The death penalty was later abolished in December 1999 by the Parliament of Bermuda.

== History ==
As a British Overseas Territory, Bermuda had traditionally inherited British law with regards to legal punishments. The United Kingdom abolished the death penalty for murder in 1969, but retained it for the crimes of arson in royal dockyards, treason, piracy and espionage. However, this abolition did not extend to Bermuda due to them having self governance. The Parliament of Bermuda had debated abolishing it in 1979 following the hangings of Erskine Burrows and Larry Tacklyn for murdering the Governor, Sir Richard Sharples but nothing came of it.
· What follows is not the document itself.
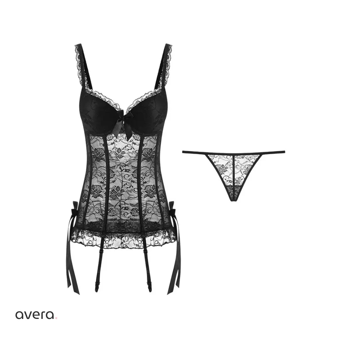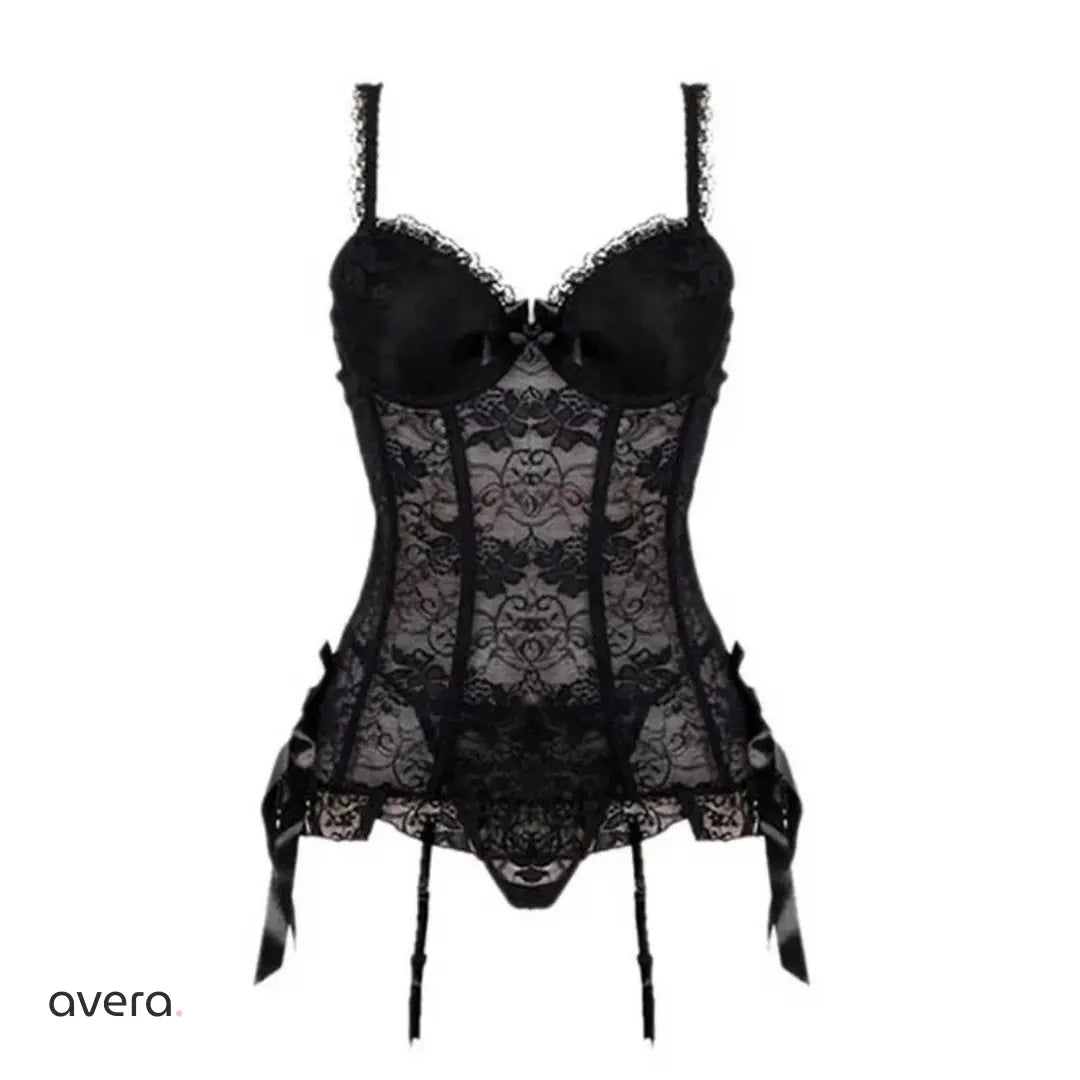 Unleash your confidence with our Elegant Black Lace Corset & Bustier Set, a timeless piece of lingerie that blends allure and sophistication. Designed with high-quality lace, push-up cups, and adjustable garters, this set is perfect for women who want to highlight their curves with elegance and comfort.

In 1989, they passed a law authorising a referendum to be held to determine if the public wished for Bermuda to retain the death penalty for premeditated murder. However, the referendum would be non-binding on the government.

== Results and aftermath ==
The referendum was the first ever called in Bermuda. The voters were asked if they supported or opposed retention of the death penalty. 79% of Bermudans who voted, voted in favour of retaining the death penalty. However, participation was low with only around 32% of the eligible electorate turning out to vote.

The death penalty for murder was abolished in 1991 in all other British Dependent Territories in the Caribbean due to the Caribbean Territories (Abolition of Death Penalty for Murder) Order 1991, though this did not extend to Bermuda. By 1997, a majority of Bermudian MPs had indicated they were against the death penalty. In December 1999, the Parliament of Bermuda voted to abolish the death penalty for any offence, effective from 1 January 2000.